I know when my kids graduate college, they will be expected to be independent. It’s okay to have some short-term support from home, possibly living at home for a defined period (I lived at home for six months after college and was very grateful for that help), but long-term living at home, as in failure to launch, is not going to be an option for my children and they will know this early on. Love him or not, this is one of the many things that Dave Ramsey is very vocal about and for good reason.
I found this link to some very inspirational quotes about healthy living. Not a bad healthy living blog too if you are into that. You should be if you want to retire in magnificent fashion. Some people have more health issues than others. Sure, heredity plays a role in individual health. But we control what goes into our bodies and what we do with it. Habits are formed that are good for the body, and other habits are detrimental to your longevity and quality of life.

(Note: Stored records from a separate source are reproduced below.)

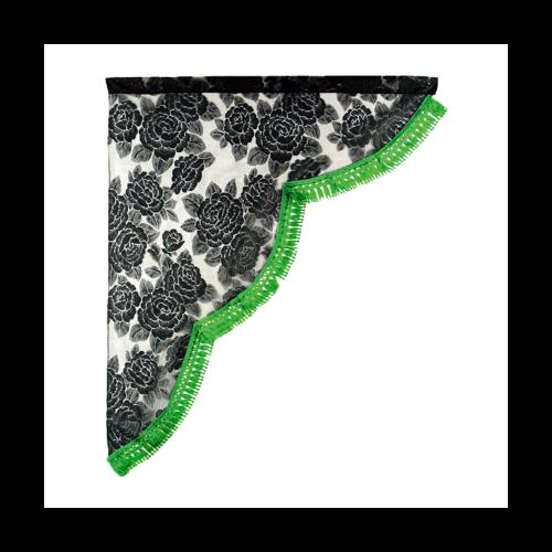 ◆商品名:雅 サイドカーテン バラ柄レースサイドカーテン L(横700mm×縦850mm) フレンジ:グリーン MSC-RA-GRL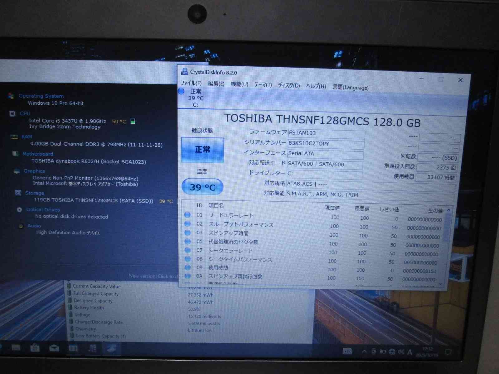 | バッテリー状態 | 新品時と比較して 58% の性能。 (BatteryInfoViewで表示された参考値であり実際の容量・充電可否は保証対象外) |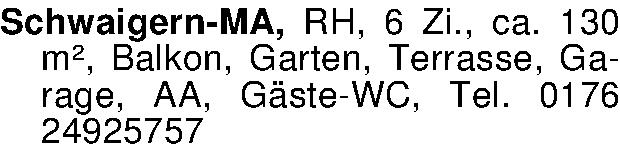 Anzeigentitel: Schwaigern-MA, RH, 6 Zi., ca. 130 m², Balkon, Garten, Terrasse,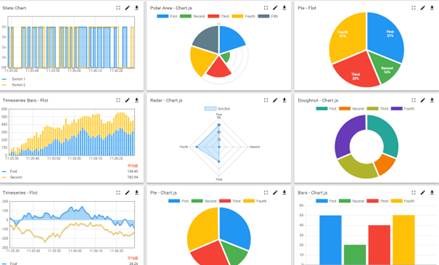 4)提供豐富的可視化控件庫,通過拖拽、簡便配置即可完成美觀的UI設(shè)計。支持GIS地圖、曲線圖、柱狀、餅圖、圖表、按鈕、儀表圖等控件。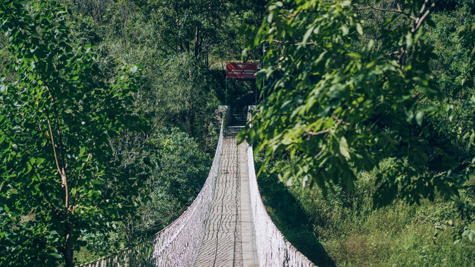 停好车,走过吊桥,晃晃悠悠。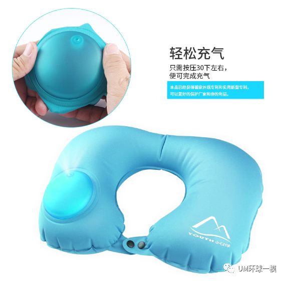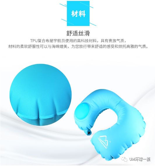 ? 本品用轻薄柔软TPU牛奶丝布复合,经高频热压成型。柔软舒适携带方便。手压充气,不用嘴吹,卫生高雅,已获实用新型专利。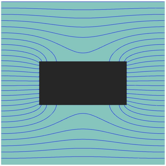 The steady-state isoconcentration lines of the migrating species on the half-cut plane of an elementary unit of a MMM with a cuboid nanoparticle with an aspect ratio q = 2.07 and a relative thickness yp/Ly = 0.25.
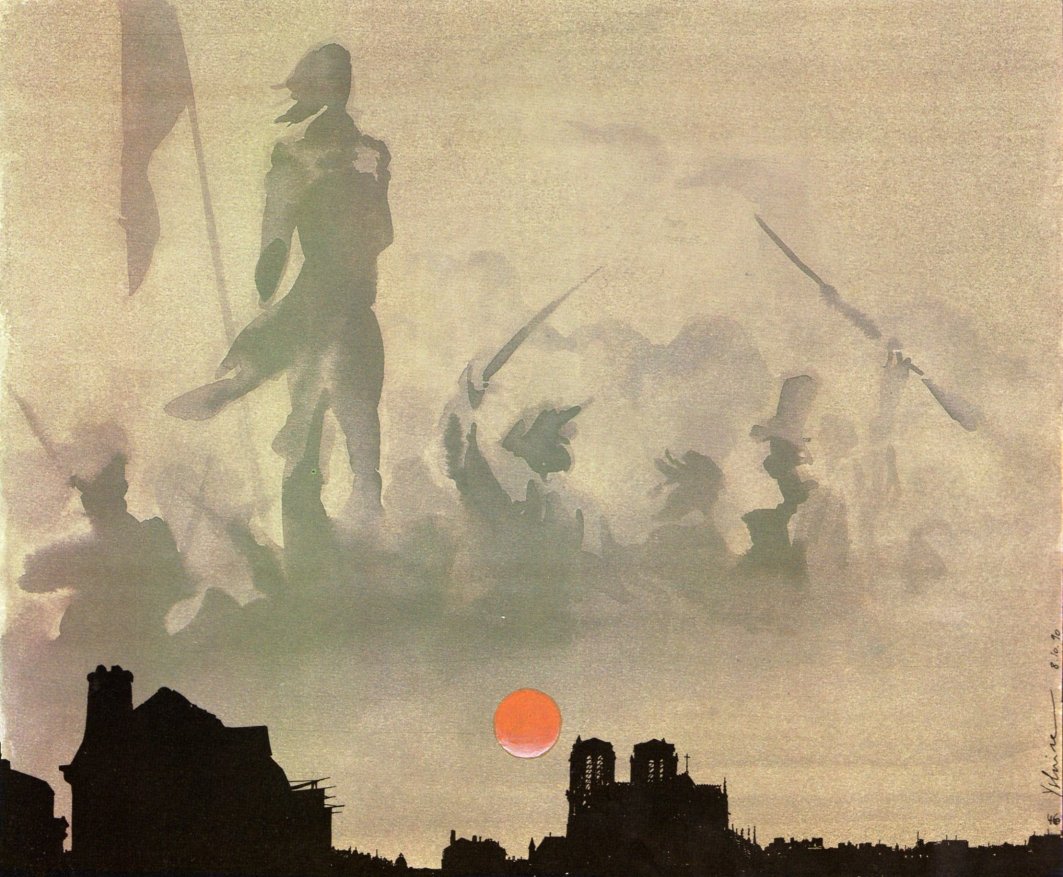 On remarque la similitude de la forme du tas de bois aux pieds de Julie, avec celle du tas de corps blessés, décédés aux pieds de Marianne :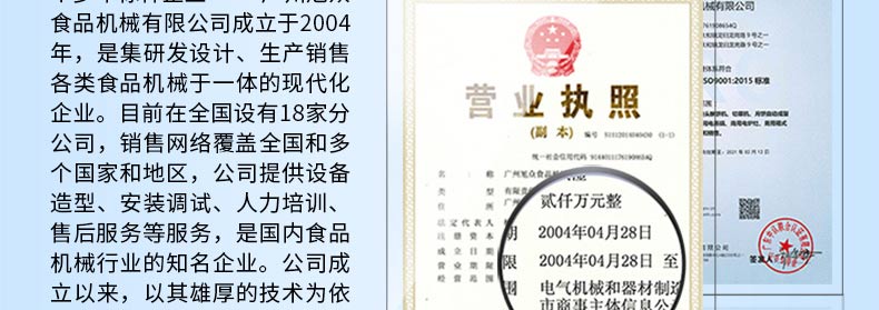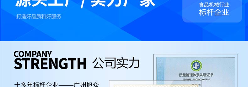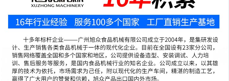 廣州旭眾食品機(jī)械有限公司是一家集科研開發(fā),生產(chǎn)設(shè)計(jì),營(yíng)銷服務(wù)為一體的現(xiàn)代化生產(chǎn)企業(yè)?,F(xiàn)代化生產(chǎn)車間,精湛制造技術(shù),所產(chǎn)機(jī)械歷經(jīng)市場(chǎng)重重考驗(yàn),不斷贏得海內(nèi)外客戶的贊譽(yù)。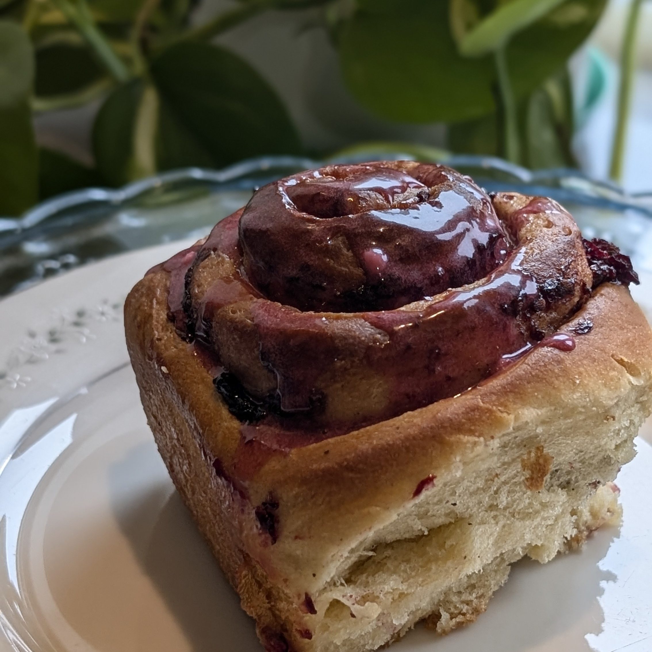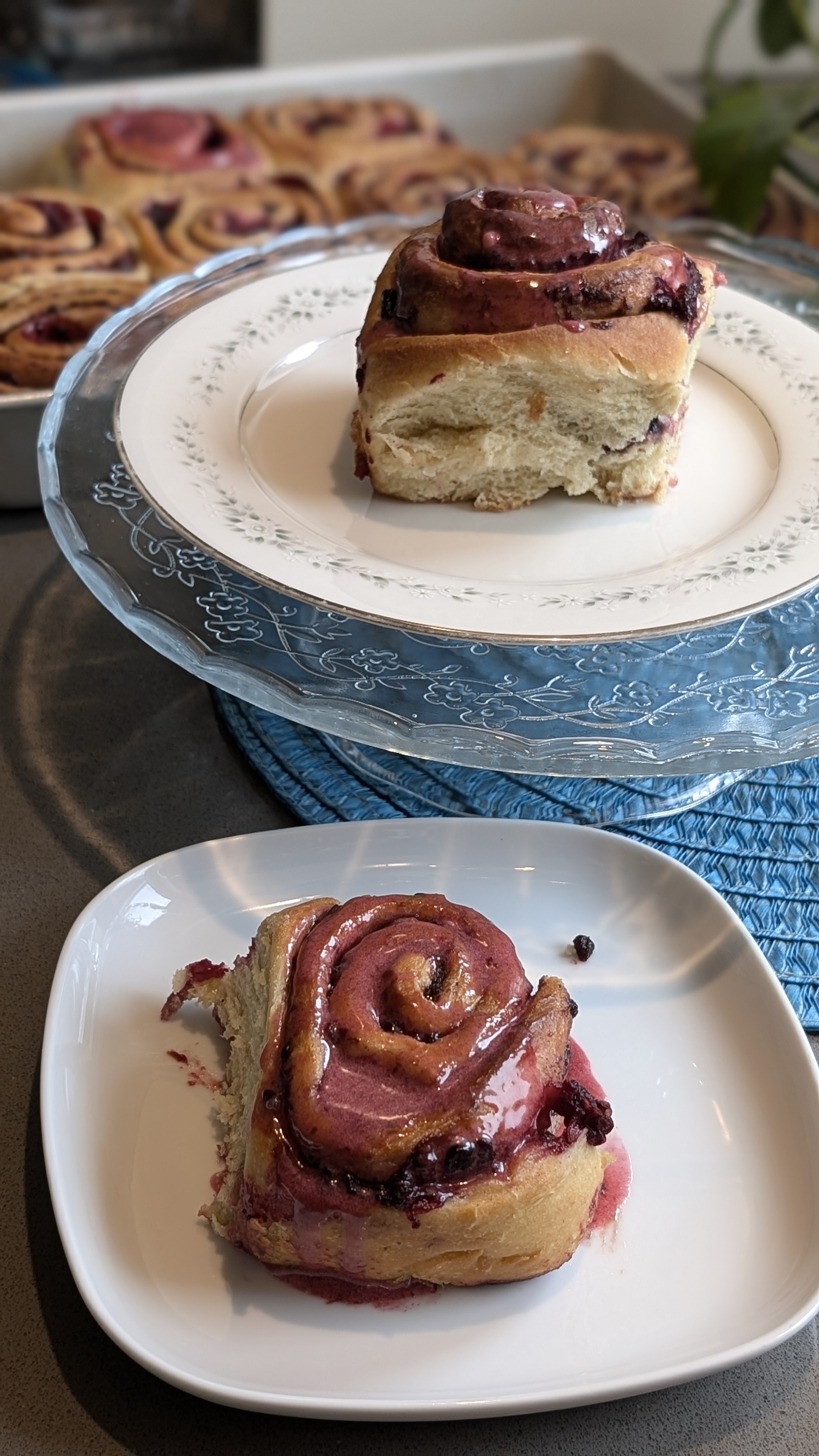 In a 9 by 13-inch baking pan, place the buns cut side down in the pan leaving space between each. Cover with plastic wrap and let rise until doubled around 40 minutes. Preheat the oven to 375 F and bake the buns until golden brown about 15 to 20 minutes. Cool in the pan for at least 15 minutes. Meanwhile, make the glaze. Sift the confectioners’ sugar into a bowl, then whisk in the cream and add Blackberry juice. Spoon the glaze on top while still warm.

My coworker with the back and leg problems says he does not know what caused them, but he thinks it was from playing sports in his youth. This may or may not be accurate, but he said his doctor could not give him insight on the original source of his back problems. Sitting at a desk for forty hours a week for 30 years with bad posture likely did not help.
Smoking, eating unhealthy food, and a sedentary lifestyle at home certainly did not help either. As if all that was bad enough, he has a number of medical debts piled up, further handcuffing him and his retirement date.
Science tells us what is good and what is bad for our health. One of the biggest predictors of longevity is how many calories we intake. Healthy eating also decreases the risk for heart disease, cancer, diabetes… blah blah blah this is not a health blog.
You do not want to be unhealthy for your retirement, do you?
Neither do I. I am no tri-athlete, but I stay in relatively good shape. I eat reasonable portions, swim laps, walk, ski, stretch; I do things that make me feel good. When I retire I want to travel the world again for extensive periods of time, and I do not want to do it with a cane.
No matter whom you spend your time with, your peers, coworkers, online friends, listen carefully to how they are planning for their retirement. If you have done any sort of retirement saving over the past years, you will likely be more prepared than they are. Also listen to their problems, particularly with family and health.
Unexpected family situations that could evolve 30 years from now will easily be dealt with if you think about possible problems today. Simply saving more money today while you are healthy can alleviate the necessity to work if you need to support a parent or end up with a few medical bills down the road.
Insurance policies for retirement planning and long-term care are out there, and they are cheaper the earlier you buy them. Finally, maintaining a healthy lifestyle has endless benefits today, but will also pay off with lower medical costs in the future, and a higher quality of life when you reach your retirement date. Don’t take it from me, ask your coworkers.